Here, I want to share a customized endpoint implementation with you that I used in one of the bundle sales, and that relies on a secret authentication token.

 1 <?php
 2 function isEmpty($var) {
 3   return !isset($var) || strlen(trim($var)) == 0;
 4 }
 5 
 6 $expected_password = 'top secret passphrase';
 7 if (isEmpty($_GET["auth"]) || $_GET["auth"] !== $expected_password) {
 8   http_response_code(401);
 9   exit();
10 }
11 
12 $name = $_GET["email"]; // Not license name but email
13 if (isEmpty($name)) {
14   http_response_code(400);
15   exit();
16 }
17 
18 include_once('path/to/cocoafob/license_generator.php');
19 $generator = new License_Generator;
20 $product = "mynewapp";
21 $code = $generator->make_license($product, $name);
22 
23 echo $code;

Lines 5–9 implement the very simple authentication check with a shared secret string. Lines 11–15 check if the required request parameter for the personalization is provided.

And that’s all you need to do already. If you’re paranoid, you can remove the string literal to define $expected_password and read the passphrase from a file outside your public htdocs. I don’t see much benefit in that since this approach is comparatively weak, though.

Notes

1You can find the results online: https://devmate.com/mac-dev-survey. It was re-released and got an update in 2017 and 2018: https://setapp.com/mac-market-survey-2018.

2You can read about a small survey from 2009 where FastSpring scored quite high.

3Thanks to Jorge D. Ortiz Fuentes (https://powwau.com/en/) for corrections of the key descriptions (and a lot more).
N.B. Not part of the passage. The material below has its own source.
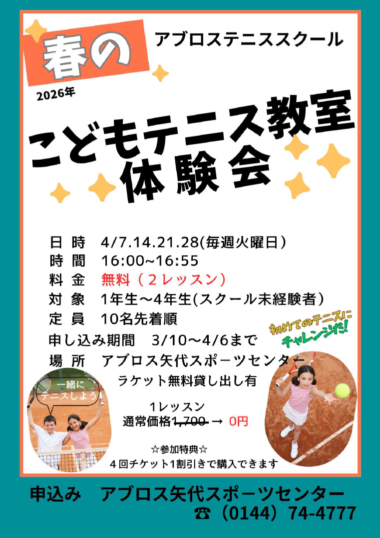 こどもテニス教室体験会開催 / アブロス矢代スポーツセンター

For encryption/decryption of information, both keys can be used for both actions. But always keep the private key secure.

4Yeah, I know the description text still says “Objective-C”, but it really is more versatile than that. I personally take care of the Swift port to work as expected, since I rely on the library in my own apps, too. Skin in the game.

5Thanks a ton to Josh Caswell. He suggested many different type names that flow way better, and from which I picked a couple, and also suggested the pattern matching implementation I really like below.